Stiv wrote:
The shaded region in the figure above represents a rectangular frame with length 18 inches and width 15 inches. The frame encloses a rectangular picture that has the same area as the frame itself. If the length and width of the picture have the same ratio as the lenght and width of the frame, what is the length of the picture, in inches?
A. \(9\sqrt2\)
B. \(\frac {3}{2}\)
C. \(\frac {9}{\sqrt2}\)
D. \(15 ( 1 - \frac {1}{\sqrt2})\)
E. \(\frac {9}{2}\)
From the question stem ("...the length and width of the picture have the same ratio as the length and width of the frame") we know:
The frame+picture ("big" rectangle) and the picture ("small" rectangle) are two SIMILAR rectangles. (*)
(*) From above we have proportionality on the corresponding sides. The necessary additional condition - equality in the corresponding internal angles - is guaranteed: they are all 90 degrees!
Again from the question stem we know what the examiner defines as "length" and "width" (by the dimensions associated to these words), so that our FOCUS is:
\(? = x\,\,\,\,\left[ {{\text{inches}}} \right]\,\,\,\,\,\,\left( {{\text{See}}\,\,{\text{figure}}\,\,{\text{below}}} \right)\)
From "The frame encloses a rectangular picture that has the same area as the frame itself." we know that the "big" (rectangle) has TWICE the area of the "small" (rectangle).
To avoid using the second dimension of the picture, as it was done in previous (correct) solutions, let´s remember an important geometric property:
In any two similar polygons, the ratio of their areas is equal to the square of the ratio of similarity of the polygons!

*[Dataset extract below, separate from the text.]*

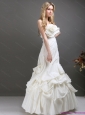 Pleated White Strapless Wedding Dresses with Ruffles and Pick Ups

Therefore:
\(2 = \frac{{{S_{\,{\text{big}}}}}}{{{S_{\,{\text{small}}}}}} = {\left( {\frac{{18}}{x}} \right)^2}\,\,\,\,\mathop \Rightarrow \limits^{x\,\, > \,\,0} \,\,\,\,\,\sqrt 2 = \frac{{18}}{x}\,\,\,\,\,\,\, \Rightarrow \,\,\,\,\,x\sqrt 2 = 18\)
\(x\sqrt 2 = 18\,\,\,\,\,\, \Rightarrow \,\,\,\,\,x\sqrt 2 \cdot \sqrt 2 = 18\sqrt 2 \,\,\,\,\,\, \Rightarrow \,\,\,\,\,? = x = 9\sqrt 2\)
This solution follows the notations and rationale taught in the GMATH method.
Regards,
Fabio.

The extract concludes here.